- _Task prompt_:
A faithful copy of all the data is the goal; omit the pictures.

- _Available data_:
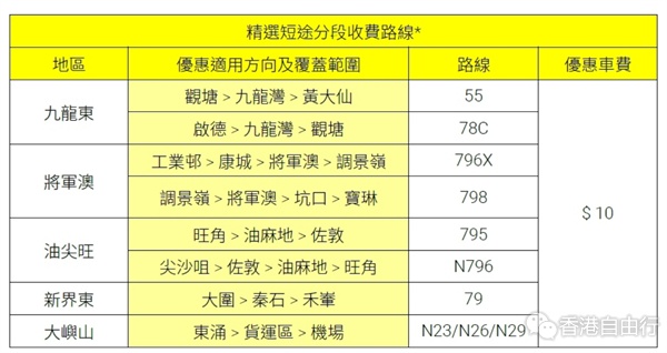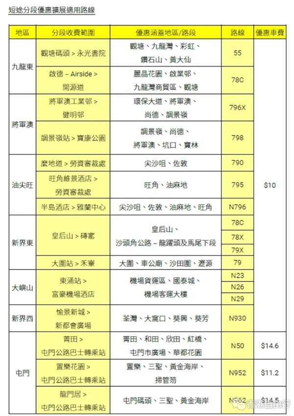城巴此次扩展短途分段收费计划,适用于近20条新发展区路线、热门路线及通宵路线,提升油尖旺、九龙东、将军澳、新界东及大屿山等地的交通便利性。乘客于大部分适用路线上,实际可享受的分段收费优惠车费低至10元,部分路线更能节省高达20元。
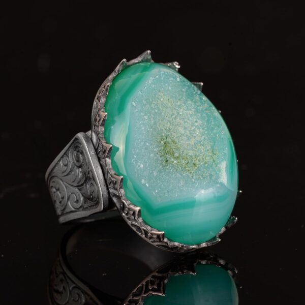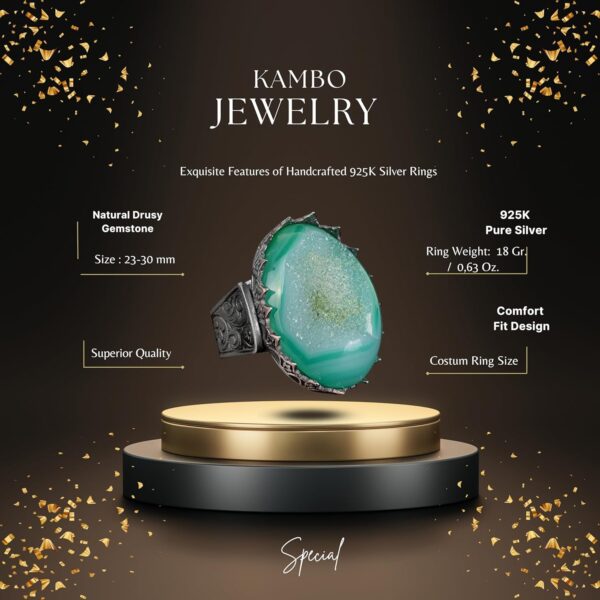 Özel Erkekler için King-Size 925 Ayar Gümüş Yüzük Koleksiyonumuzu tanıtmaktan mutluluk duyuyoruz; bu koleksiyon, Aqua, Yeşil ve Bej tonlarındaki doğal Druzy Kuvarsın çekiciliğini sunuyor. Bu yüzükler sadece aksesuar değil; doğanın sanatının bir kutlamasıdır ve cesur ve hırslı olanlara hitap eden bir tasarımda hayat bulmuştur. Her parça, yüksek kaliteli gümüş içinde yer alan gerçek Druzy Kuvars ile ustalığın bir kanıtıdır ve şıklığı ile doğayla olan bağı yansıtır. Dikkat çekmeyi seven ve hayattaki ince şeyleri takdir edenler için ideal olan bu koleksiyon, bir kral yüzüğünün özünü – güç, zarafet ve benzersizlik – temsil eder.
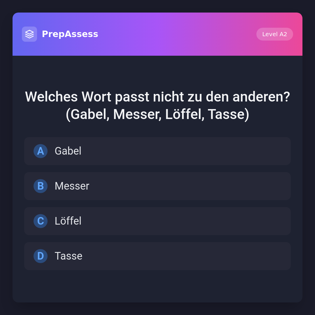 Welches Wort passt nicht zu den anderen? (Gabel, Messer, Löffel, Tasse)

- _Solution to the exercise_:
城巴此次扩展短途分段收费计划,适用于近20条新发展区路线、热门路线及通宵路线,提升油尖旺、九龙东、将军澳、新界东及大屿山等地的交通便利性。乘客于大部分适用路线上,实际可享受的分段收费优惠车费低至10元,部分路线更能节省高达20元。
 Özel Erkekler için King-Size 925 Ayar Gümüş Yüzük Koleksiyonumuzu tanıtmaktan mutluluk duyuyoruz; bu koleksiyon, Aqua, Yeşil ve Bej tonlarındaki doğal Druzy Kuvarsın çekiciliğini sunuyor. Bu yüzükler sadece aksesuar değil; doğanın sanatının bir kutlamasıdır ve cesur ve hırslı olanlara hitap eden bir tasarımda hayat bulmuştur. Her parça, yüksek kaliteli gümüş içinde yer alan gerçek Druzy Kuvars ile ustalığın bir kanıtıdır ve şıklığı ile doğayla olan bağı yansıtır. Dikkat çekmeyi seven ve hayattaki ince şeyleri takdir edenler için ideal olan bu koleksiyon, bir kral yüzüğünün özünü – güç, zarafet ve benzersizlik – temsil eder.
 Welches Wort passt nicht zu den anderen? (Gabel, Messer, Löffel, Tasse)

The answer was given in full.